I suggest you start using your training, then. The issues you're raising are some that any geologist should be familiar with, at least to the point of being able to discuss intelligently. I mean, most of this (as well as most errors people make in terms of evolution) are discussed in introductory biology classes, the Gen Ed courses. If your paleo professors were worth anything, you've discussed these in far greater depth than your comments indicate.
Actually I am, it depends on what camp you are in I guess as to how things happen. I believe in punctuated evolution, I also believe that dna can only point to relationships, the regression software used is totally out of line and faulty. I also believe that an impactor did not kill off the dinosaurs (show me the bones, and I already know about those that were relocated by natural processes)
It's a law of evolution when it comes to animals (plants, bacteria, and other organisms behave differently). Speciation in animals, using the biological species concept, occurs when reproductive isolation produces populations that will not interbreed, even when they are given the opportunity. There may be nothing physically preventing them (I'm thinking of fruit flies that lay eggs in pears and apples, and which have different mating seasons, but which are physiologically nearly identical), but if they will not interbreed they are different species.
(Well, in truth, as usual with biology, it's messier than that--different species have interbred and yielded viable offspring. Mules, for example, aren't always sterile.
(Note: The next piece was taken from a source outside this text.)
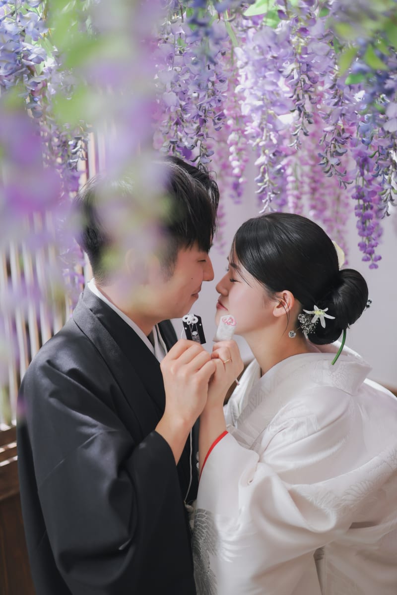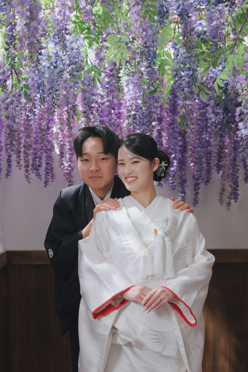 少し季節外れますが、一年中撮れる藤の花の下で。光が差し込む様子もこだわってます!

But that's another topic enitrely.)
So, you do not accept the studies of lizards in the last 40 years as much more than words on paper for someone to get a degree and mean little in the real world of evolution and only theoretical?
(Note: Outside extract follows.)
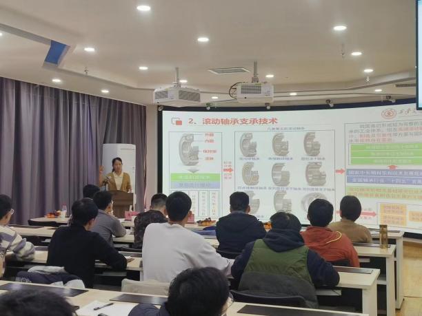 报告会上,js33333金沙线路检测副经理魏永峭首先对本次学术交流情况进行了简单介绍,并对彭旭东教授、杨利花教授的到来表示热烈欢迎。随后,杨利花教授从可倾瓦动压气体轴承性能研究、稀薄润滑气体轴承性能研究、滑动轴承的非线性油膜力表征、止推轴承性能、单列滚动轴承力学性能等方面进行讲授。

This is a silly question. It depends on your definition of "species" (not all of us agree on one common definition, or even if the term is valid/useful), and the taxa in question. As I said, for animals, yes, this is it. For plants, hybredization can cause speciation. Bacteria are just weird, and I don't pretend to understand them.
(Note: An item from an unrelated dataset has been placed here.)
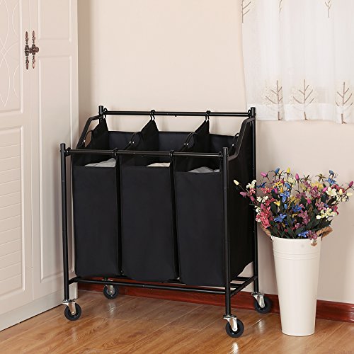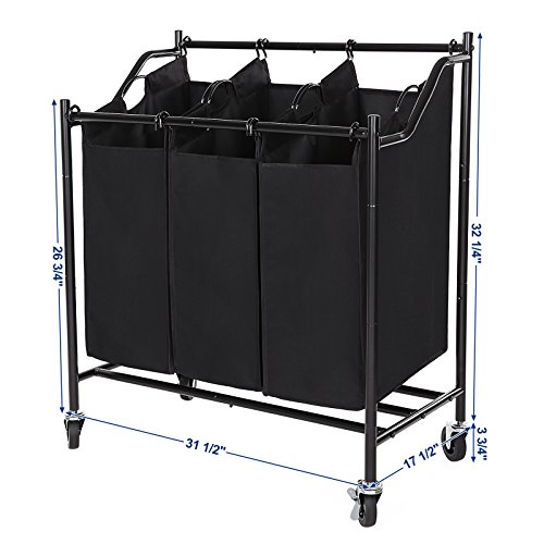 REMOVABLE LAUNDRY BAGS: 600D Polyester strong Bags with inner PVC coated, easy to maintain. 3 bags are separate allows you to mark each bag to help to sort your laundry well

Ok, your talking interbreeding being a key term. Are you just basing your answers on what you have read and been told and not reading up on something before you dive in? you comment about me, but frankly, you are extremely biased on what is and isn't evolution it would appear.
In equines, you have 32, 44, 46, 62, and 64 chromosomes, all can interbreed, and some of the offspring can be fertile. there is a law there that describes which ways will produce fertility.
I'm a paleontologist, and I thought *I* was fairly hard-core about how my science provides the best explination of evolution. You leave me in the dust. I mean, even I'll admit that the squishy biologists (a term I use to annoy my sister, who's studying to be a nurse) have valid evidence for evolution! I mean, the whole concept of using DNA to study evolutionary relationships is pretty much exclusively a squishy biology thing, as is ontology, behavioral studies, the entirety of The Origin of the Species, all fruit fly studies, the whole "Let's see if we can build a dinosaur from a bird" thing, animal husbandry, genetic engineering....
So, explain how building a dinosaur from a bird is squishy. seems pretty sound and based in fact at this point (species of chicken with teeth, getting tail vertebrae to grow, it's only about switching on and off genes, and then the soft tissue issue, which won't provide dna, but does provide more proof that birds are dinosaurs and not a distinct branch of archosauria.
Paleontologists study how evolution happened to occur in the Earth's past. We do not presume to have a monopoly on the topic of evolution. We cannot look forward very well (no rocks from the future), and we are limited to morphology (more or less). In short, paleontologists study how evolution DID happen. Everyone else can freely discuss how evolution COULD, CAN, and MUST NECESSARILY happen (in other words, the theoretical framework).